# A little humor - Canon vs Nikon video



## JR (Dec 13, 2011)

Very well made movie and funny too in case some of you have not seen it...funny how it was shot with Canon but the link was shown on NR as well! 

http://www.youtube.com/watch?v=qTVfFmENgPU&feature=player_embedded

Enjoy!


----------



## justsomedude (Dec 13, 2011)

JR said:


> Very well made movie and funny too in case some of you have not seen it...funny how it was shot with Canon but the link was shown on NR as well!
> 
> http://www.youtube.com/watch?v=qTVfFmENgPU&feature=player_embedded
> 
> Enjoy!



HAHAHAHAHAHHAHAAAAAAAAAAAAA! Awesome - thanks for posting!!!


----------



## EYEONE (Dec 13, 2011)

Haha, I saw that posted over at The Digital Picture. Very clever and well done.


----------



## xROELOFx (Dec 13, 2011)

oh, wow! never expected to see this vid on CR. it was made by some people from the dutch tweakers.net community, they were inspired by "Battle At F-Stop Ridge". i guess it's going global now


----------



## awinphoto (Dec 13, 2011)

That was a good morning video to wake up to... =)


----------



## JR (Dec 13, 2011)

awinphoto said:


> That was a good morning video to wake up to... =)
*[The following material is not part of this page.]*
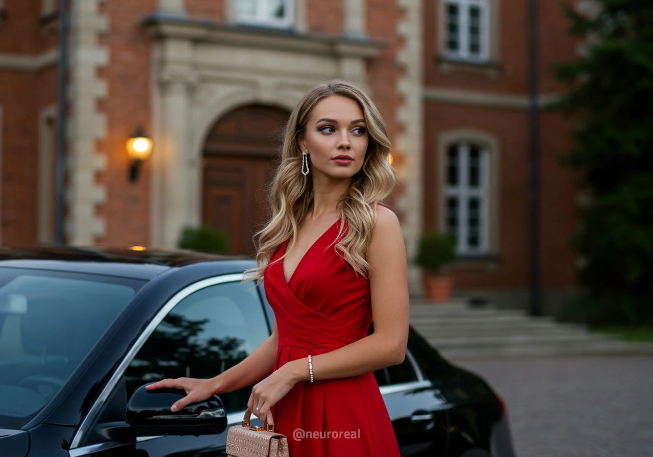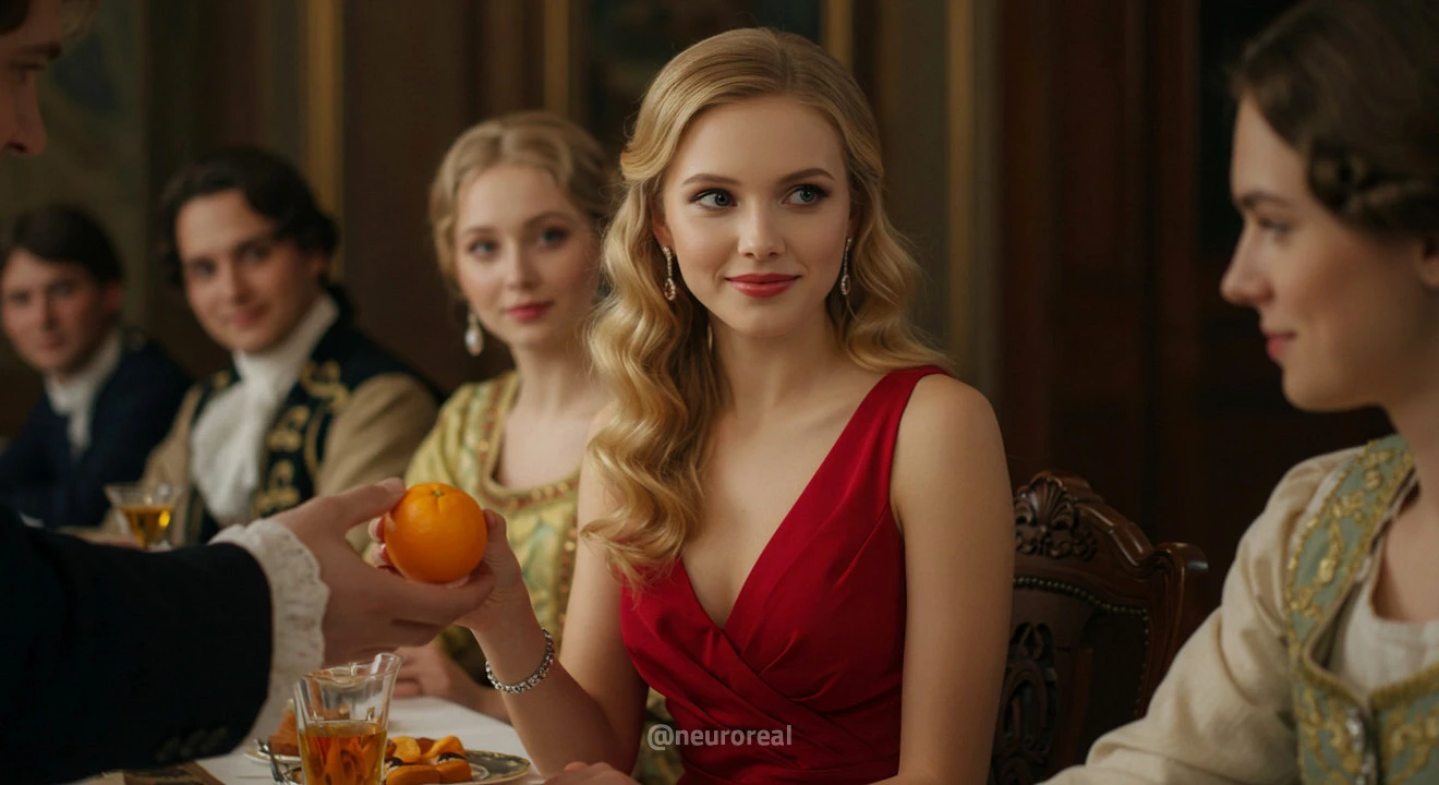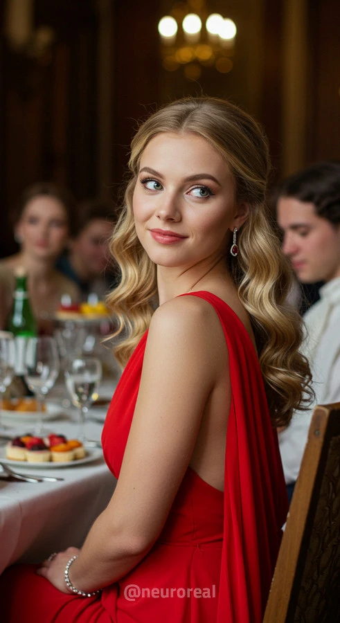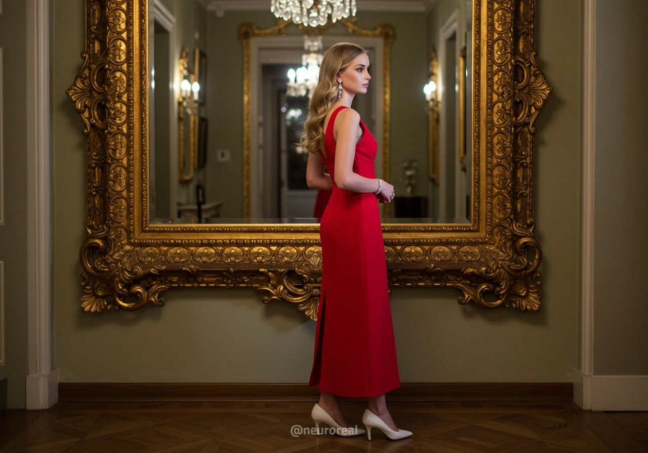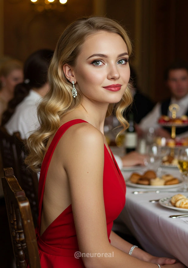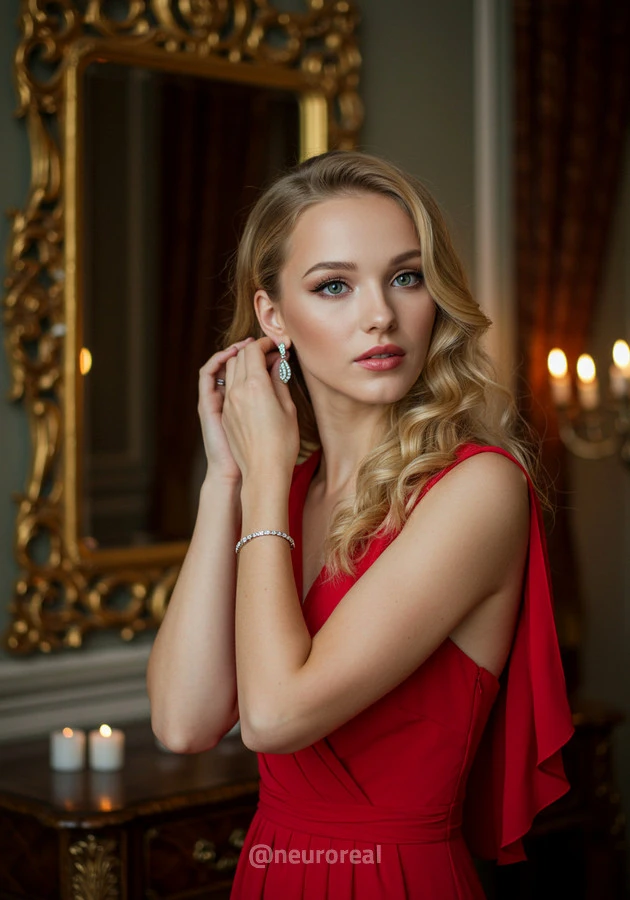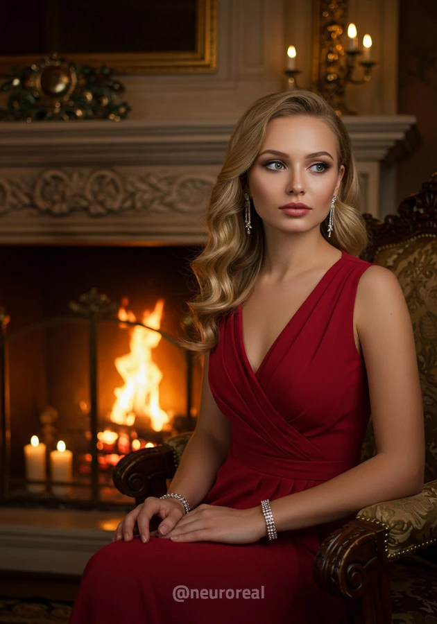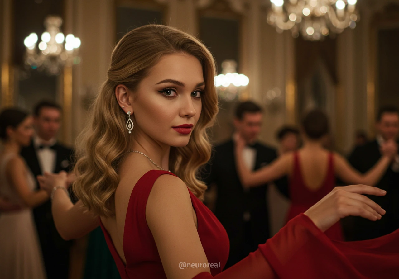 "Фотосессия переносит зрителя в роскошь XIX века, где девушка в красном платье становится ярким акцентом среди антикварных интерьеров замка. Среди гостей за ужином при свете люстр или на балу под мелодии вальса она соединяет эпохи, излучая элегантность и уверенность."

Ya it gave me a very good laugh too!


----------



## RC (Dec 13, 2011)

Brilliant! Love it! Gives new meaning to "CF card full". Thanks for sharing.


----------



## m3tek44 (Dec 13, 2011)

Excellent!!! ;D


----------



## CowGummy (Dec 13, 2011)

Absolutely awesome!!! Love it! Hats off to the guys who came up with this and created it.


----------



## iaind (Dec 13, 2011)

Great video gives a new meaning to flash bang. Will we see the 320EX in video mode used as a trip wire in the follow up.


----------



## Bridge (Dec 13, 2011)

This "Video" has nothing to do with humor. ItÂ´s filmed violence, nothing more. I would not allow such a piece of shit, if I were responsible for Canon rumors. What about creativity, what about ideas?

Ralf


----------



## wickidwombat (Dec 13, 2011)

Bridge said:


> This "Video" has nothing to do with humor. ItÂ´s filmed violence, nothing more. I would not allow such a piece of S___, if I were responsible for Canon rumors. What about creativity, what about ideas?
> 
> Ralf



i thought it was pretty well filmed and pretty clever


----------



## justsomedude (Dec 13, 2011)

Bridge said:


> This "Video" has nothing to do with humor. ItÂ´s filmed violence, nothing more. I would not allow such a piece of S___, if I were responsible for Canon rumors. What about creativity, what about ideas?
> 
> Ralf



Uhh... is this sarcasm?


----------



## DanoPhoto (Dec 13, 2011)

@Bridge......get a sense of humor.  That was pretty creative and entertaining!


----------



## Orangutan (Dec 13, 2011)

Bridge said:


> This "Video" has nothing to do with humor. ItÂ´s filmed violence, nothing more.



I saw it as half sight-gag and half parody. There was nothing truly original about most of it: the scenes were ripped straight from any C-grade testosterone flick, and the characters were all stereotypes. I have no idea if the writers intended this interpretation, but to me it was a statement of how vapid "hero" movies are: once you take away the weapons the plot and characters show themselves to be absurd.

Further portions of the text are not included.